About this exercise
Please repeat the records exactly. The pictures are to be left out.

Records to process
┌──

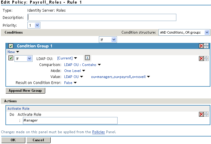 The following rule uses the LDAP OU condition to determine whether the user is a manager. It assumes that all managers are in the ou=managers,ou=payroll,o=novell container.
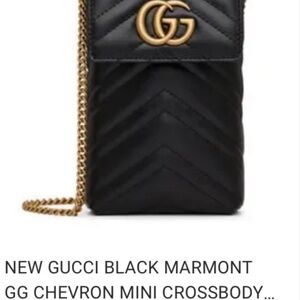 $1390 GUCCI Calfskin GG Marmont Phone Crossbody Bag Black LOWEST PRICE ON PM
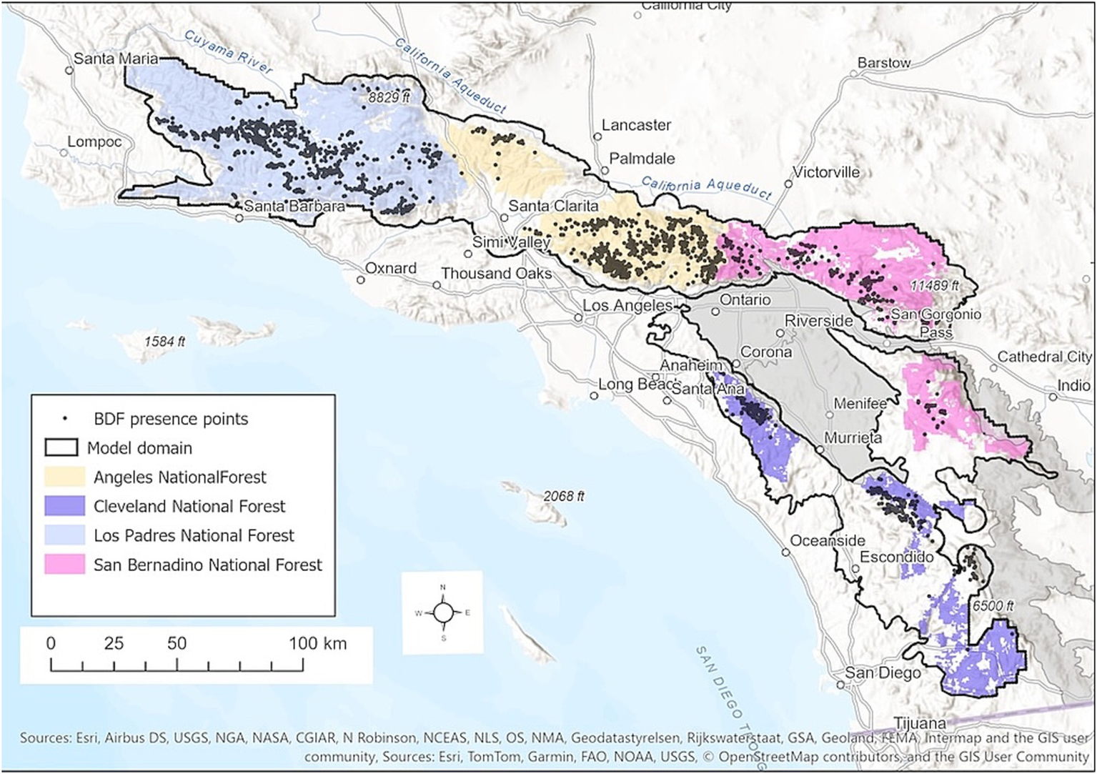 Study area map showing the model domain, presence points for BDF, and national forests of southern California. Gray regions are subsections of the Southern California Mountains and Valley Ecological Section that were excluded from the model domain.
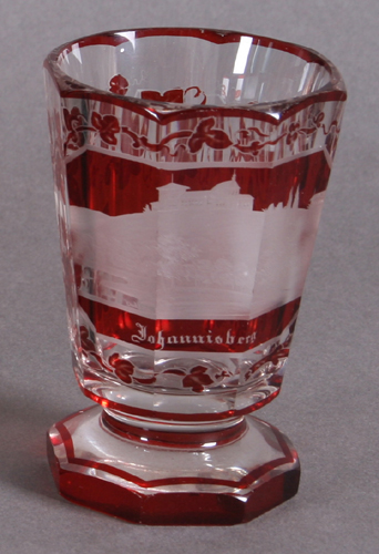Bohemia, kraj XIX veka. Brušeno rubin staklo, ugravirano: Johannisberg. Visina: 9,5 cm.
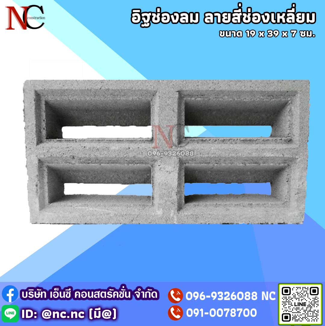 อิฐบล็อกช่องลมลาย สี่ช่องเหลี่ยม.
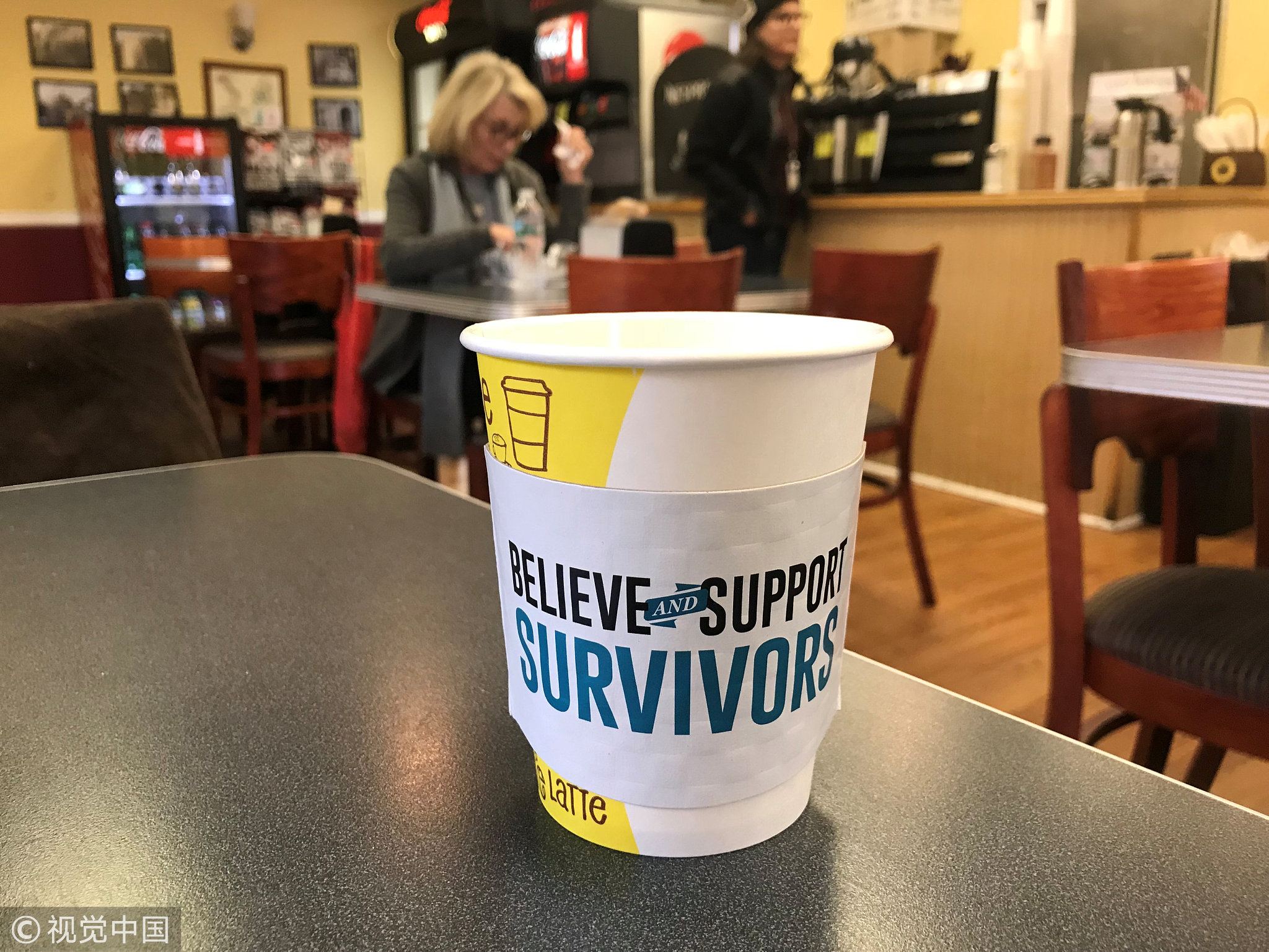 April 17. 2018: A coffee cup wrapped with a #MeToo movement message sleeve is seen at SassanoÕs Cafe near the Pennsylvania courthouse where Bill Cosby's sexual assault retrial is taking place in Norristown, Pennsylvania, US. /VCG Photo
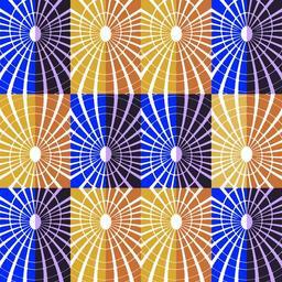 | Keywords: abstract radial radiating pattern colorful blue gold hues shades shapes geometric targets spiral bright rays motion optical illusion perception movement hypnotic modern repetition repeating grid tiles creative backdrop background star burst |
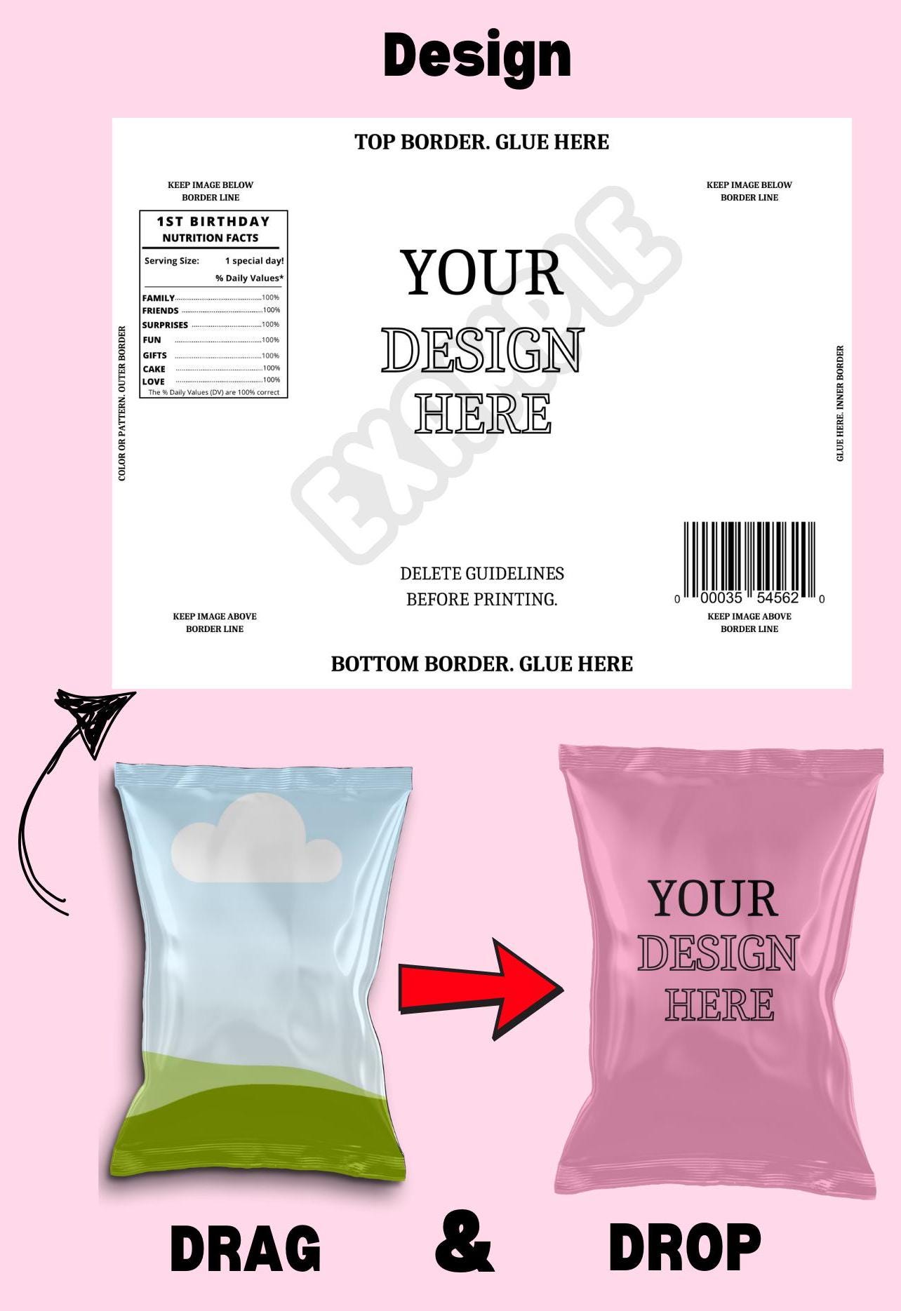 Make your party favors stand out with this fully customizable chip bag template! Perfect for birthdays, baby showers, business promotions, and more. Easily edit in Canva—no software required!
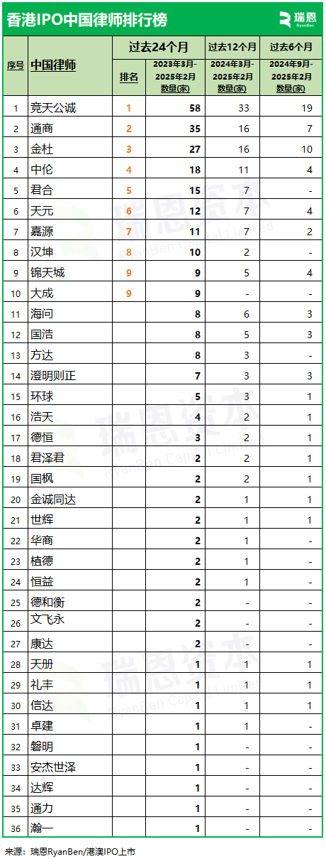 (三) 過去6個月的數據 (2024年9月至2025年2月) 就過去6個月的數據來看,這36間中國律師中的20間,參與35家(涉及到中國業務或資產)新上市。

└──

Exercise answer
 The following rule uses the LDAP OU condition to determine whether the user is a manager. It assumes that all managers are in the ou=managers,ou=payroll,o=novell container.
 $1390 GUCCI Calfskin GG Marmont Phone Crossbody Bag Black LOWEST PRICE ON PM
 Study area map showing the model domain, presence points for BDF, and national forests of southern California. Gray regions are subsections of the Southern California Mountains and Valley Ecological Section that were excluded from the model domain.
Bohemia, kraj XIX veka. Brušeno rubin staklo, ugravirano: Johannisberg. Visina: 9,5 cm.
 อิฐบล็อกช่องลมลาย สี่ช่องเหลี่ยม.
 April 17. 2018: A coffee cup wrapped with a #MeToo movement message sleeve is seen at SassanoÕs Cafe near the Pennsylvania courthouse where Bill Cosby's sexual assault retrial is taking place in Norristown, Pennsylvania, US. /VCG Photo
 | Keywords: abstract radial radiating pattern colorful blue gold hues shades shapes geometric targets spiral bright rays motion optical illusion perception movement hypnotic modern repetition repeating grid tiles creative backdrop background star burst |
 Make your party favors stand out with this fully customizable chip bag template! Perfect for birthdays, baby showers, business promotions, and more. Easily edit in Canva—no software required!
 (三) 過去6個月的數據 (2024年9月至2025年2月) 就過去6個月的數據來看,這36間中國律師中的20間,參與35家(涉及到中國業務或資產)新上市。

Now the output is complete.